▶ DATA BELOW:
# # # #
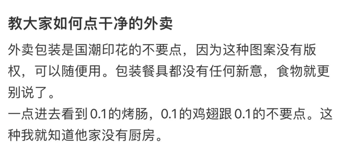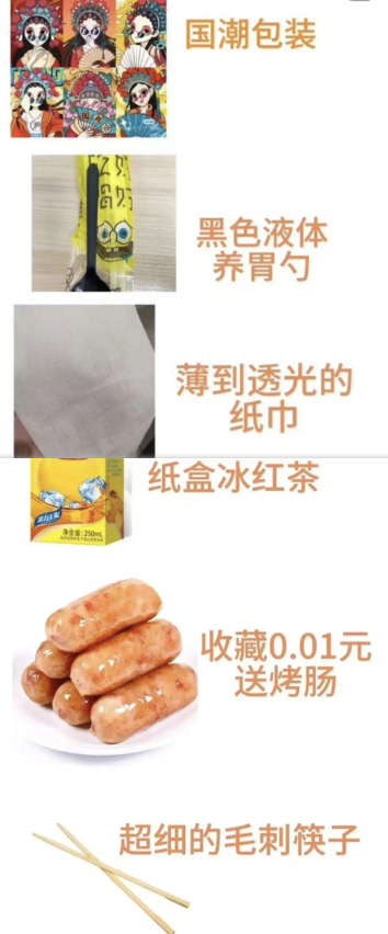 国潮少女包装的流行也引发了消费者一系列关于廉价外卖联想,有网友总结了一起出现的其他元素。
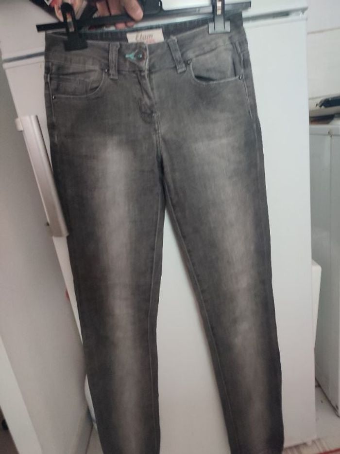 #kytie32femme. Jeans taille 32 de marque Etam deux couleurs gris blanchies et bleu turquoise zippé avec un bouton taille élastique mesure de la taille 32 cm tour de cuisse 50 cm longueur taille cheville sans cm poche avant poche arrière en très très bon état
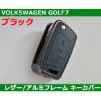 VW ゴルフ7/トゥーラン/ティグアン ブラックレザー アルミフレーム キーカバー GOLF7 / TOURAN
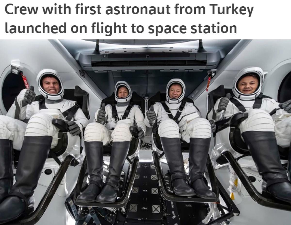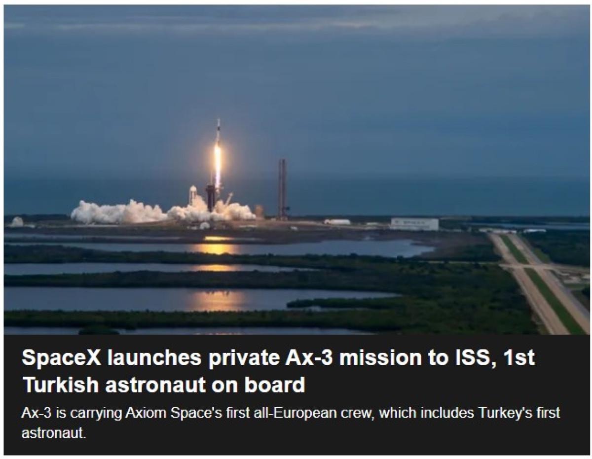Haberde, "Ax-3, Axiom Space'in, aralarında Türkiye'nin ilk astronotunun da bulunduğu, tamamı Avrupalılardan oluşan ilk mürettebatını taşıyor." bilgisi paylaşıldı.
# # # #
▶ REQUIREMENT: Would you repeat the listing above exactly, minus the images?

▶ ANSWER SPACE:
 国潮少女包装的流行也引发了消费者一系列关于廉价外卖联想,有网友总结了一起出现的其他元素。
 #kytie32femme. Jeans taille 32 de marque Etam deux couleurs gris blanchies et bleu turquoise zippé avec un bouton taille élastique mesure de la taille 32 cm tour de cuisse 50 cm longueur taille cheville sans cm poche avant poche arrière en très très bon état
 VW ゴルフ7/トゥーラン/ティグアン ブラックレザー アルミフレーム キーカバー GOLF7 / TOURAN
Haberde, "Ax-3, Axiom Space'in, aralarında Türkiye'nin ilk astronotunun da bulunduğu, tamamı Avrupalılardan oluşan ilk mürettebatını taşıyor." bilgisi paylaşıldı.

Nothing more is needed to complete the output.